Then his eye fell upon it—the music roll that had slipped quietly to the floor when her eager hand had lifted itself to touch the butterfly, opening and closing his great wings in the fig-box. He crossed to it and lifted it almost reverently, brushing a breath of dust from its leather sides.... He bent closer to it, staring at a little silver plate that swung from the strap. He carried it to the window, rubbing it on the worn black sleeve, and bending closer, studying the deep-cut letters. Then he lifted his head. A quick sigh floated from him. Miss Elizabeth Harris, 108 Lake Shore Drive. He knew the place quite well—facing the lake, where the water boomed against the great break-water. He would take it to her—to-morrow—the next day—next week, perhaps.... He wrapped it carefully away and laid it in a drawer to wait. She had asked him to come.
THE GREEK PROFESSOR LAUGHS
To Mrs. Philip Harris, in the big house looking out across the lake, the passing days brought grateful reassurance.... Betty was safe—Miss Stone was well again—and the man had not come.... She breathed more freely as she thought of it. The child had told her that she had asked him. But she had forgotten to give him her address; and it would not do to be mixed up with a person like that—free to come and go as he liked.
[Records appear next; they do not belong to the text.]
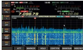
Spectrum scope with waterfall (wide screen setting)
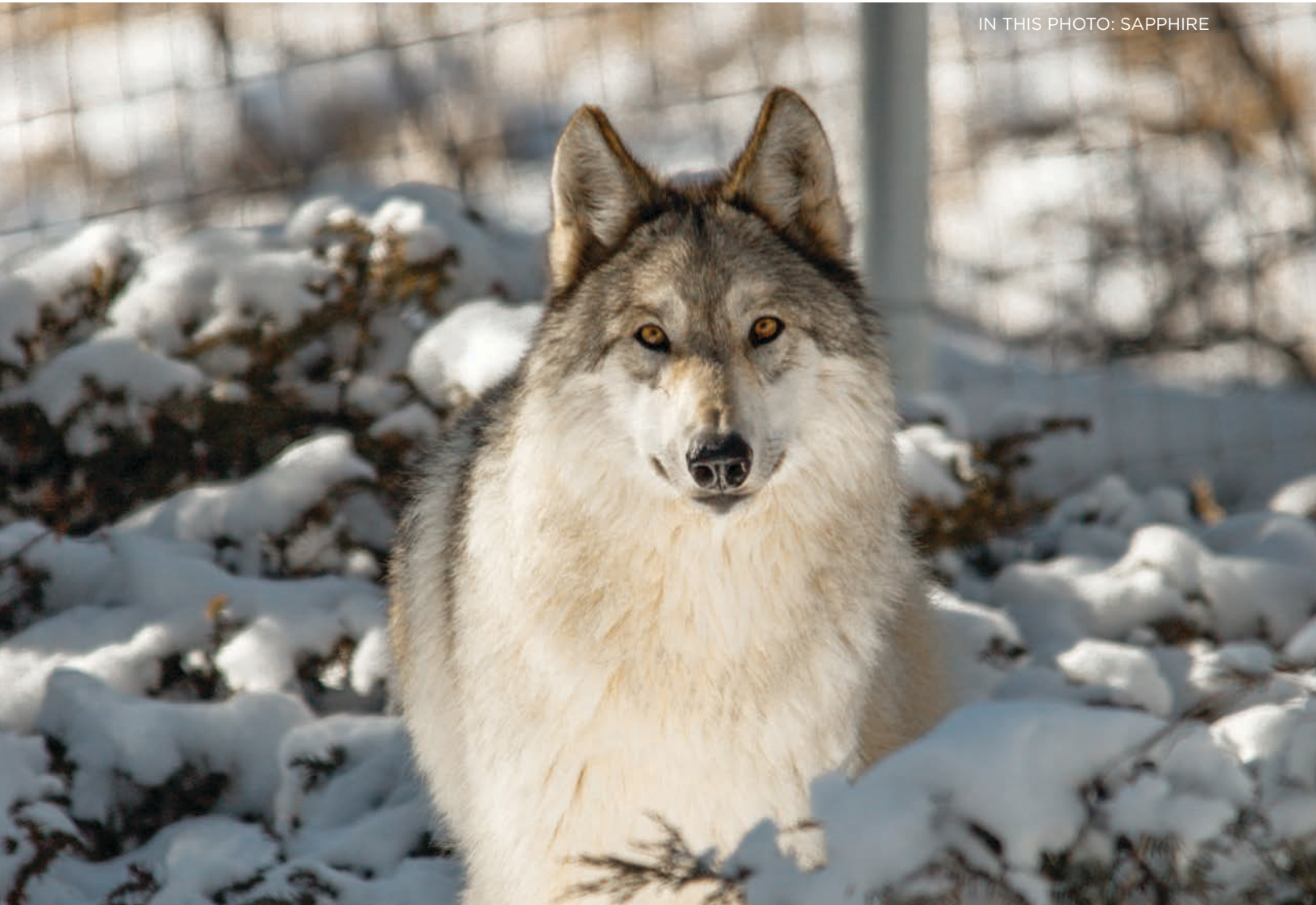
IN THIS PHOTO: SAPPHIRE

Since completing the move to Red Feather Lakes, W.O.L.F. Sanctuary staff and volunteers continue to marvel at how happy the animals are with their new surroundings. It is rewarding to see them continue exploring their new habitats and all the natural features, like rock outcroppings, that the habitats offer. Ashima has even constructed her own den!
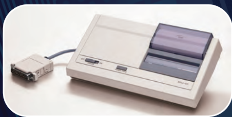
Thermal Printer Part #7000-42
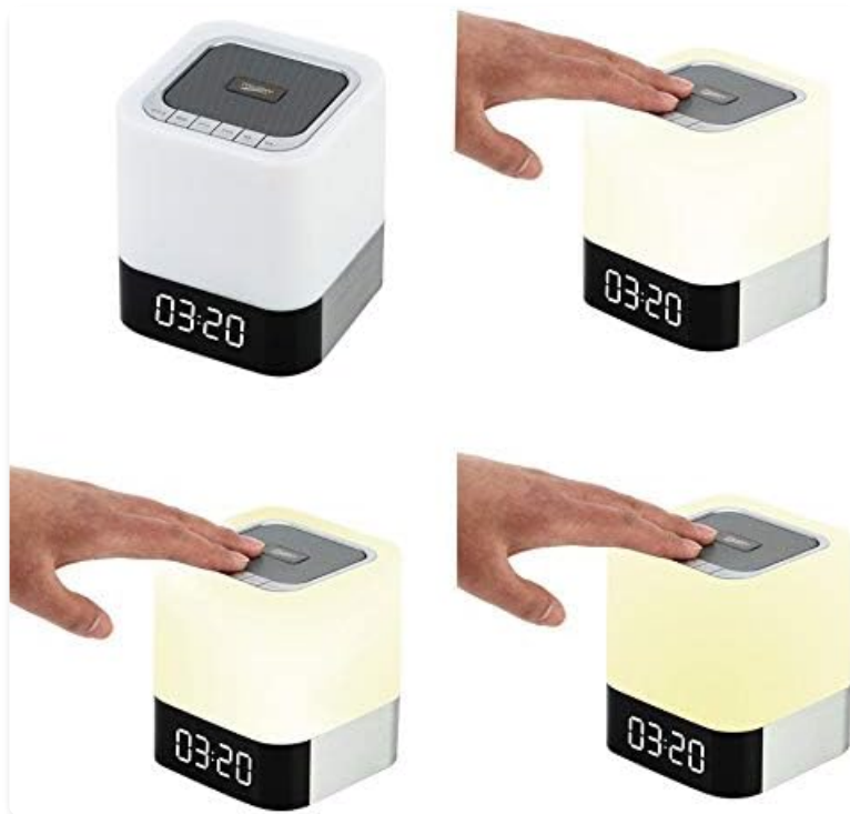
Image: A sequence of four images demonstrating the touch-controlled light function of the MUSKY DY 28 Plus speaker, showing the light off, then progressively increasing in brightness from dim to intermediate to bright with each tap on the top surface.
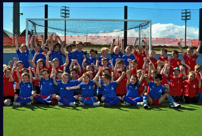
Under 9 boys and girls

The day concluded with Premier League women's and men's finals on pitch one.
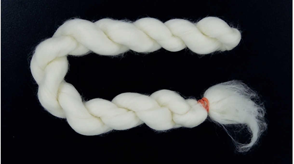
Figure A.2 — Incorrect prepared sample
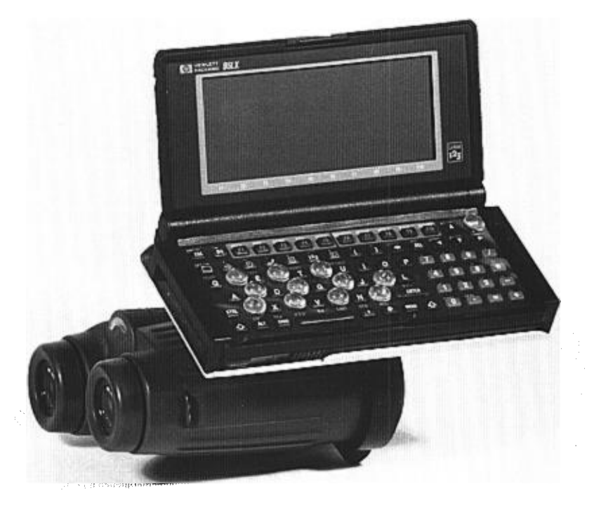
FIGURE 1. Palmtop computer on mounting bracket affixed to a pair of Leica 10 \times 42 Ultra binoculars.

store programs and data as a backup or archive. Battery life of the RAM cards typically exceeds a year.
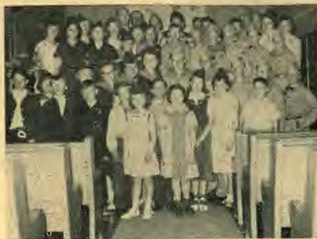
Thirty-eight Pathfinders and seven of their leaders constituting three Alberta clubs in the Leduc Seventh-day Adventist church. The picture was taken at the time of their investiture on May 24.

To combine an investiture service with an overnight outdoor camp and to take in a church picnic the next day is barrels of fun. At least this is the opinion of thirty-eight JMV Pathfinders and their seven counsellors when they talk of the successful Friend investiture service held in the Leduc, Alberta Seventh-day Adventist church Saturday night, May 24.
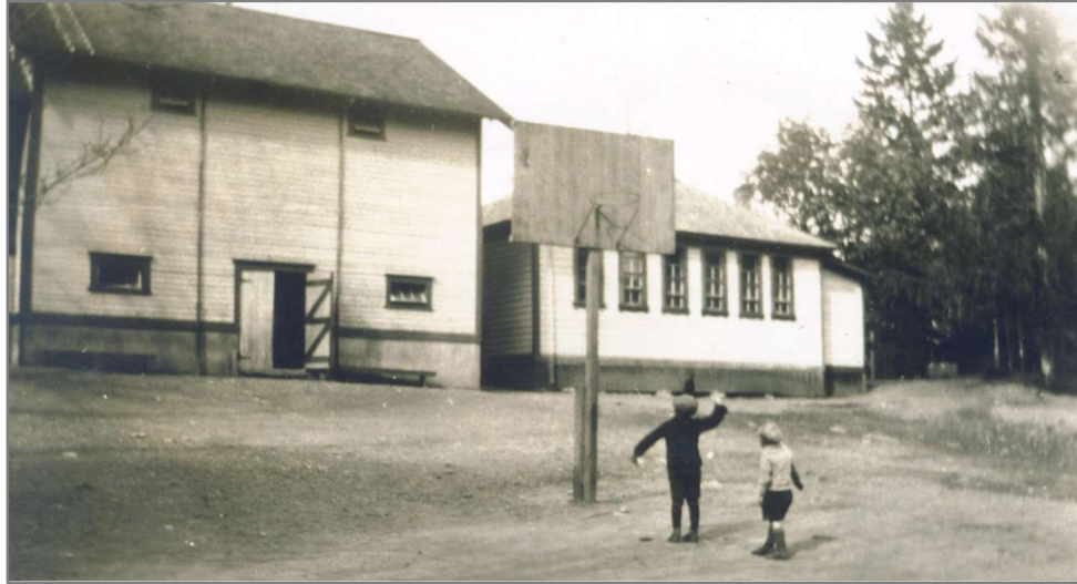
Shawnigan School, c. 1930
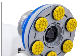
Piatto 6 Attachi Velcro
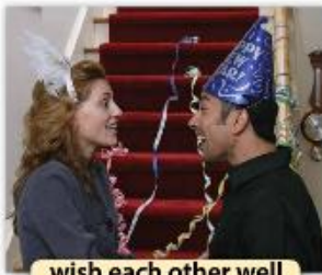
wish each other well

He was no doubt a worthy man. But Betty was only a child, and too easily enamoured of people she liked. It was strange how deep an impression the man’s words had made on her. Athens and Greece filled her waking moments. Statues and temples—photographs and books of travel loaded the school-room shelves. The house reeked with Greek learning. Poor Miss Stone found herself drifting into archaeology; and an exhaustive study of Greek literature, Greek life, Greek art filled her days. The theory of Betty Harris’s education had been elaborately worked out by specialists from earliest babyhood. Certain studies, rigidly prescribed, were to be followed whether she liked them or not—but outside these lines, subjects were to be taken up when she showed an interest in them. There could be no question that the time for the study of Greek history and Greek civilisation had come. Miss Stone laboured early and late. Instruction from the university down the lake was pressed into service.... But out of it all the child seemed, by some kind of precious alchemy, to extract only the best, the vital heart of it.
The instructor in Greek marvelled a little. “She is only a child,” he reported to the head of the department, “and the family are American of the newest type—you know, the Philip Harrises?”
The professor nodded. “I know—hide and hoof a generation back.”
The instructor assented. “But the child is uncanny. She knows more about Greek than—”
“Than I do, I suppose.” The professor smiled indulgently. “She wouldn’t have to know much for that.”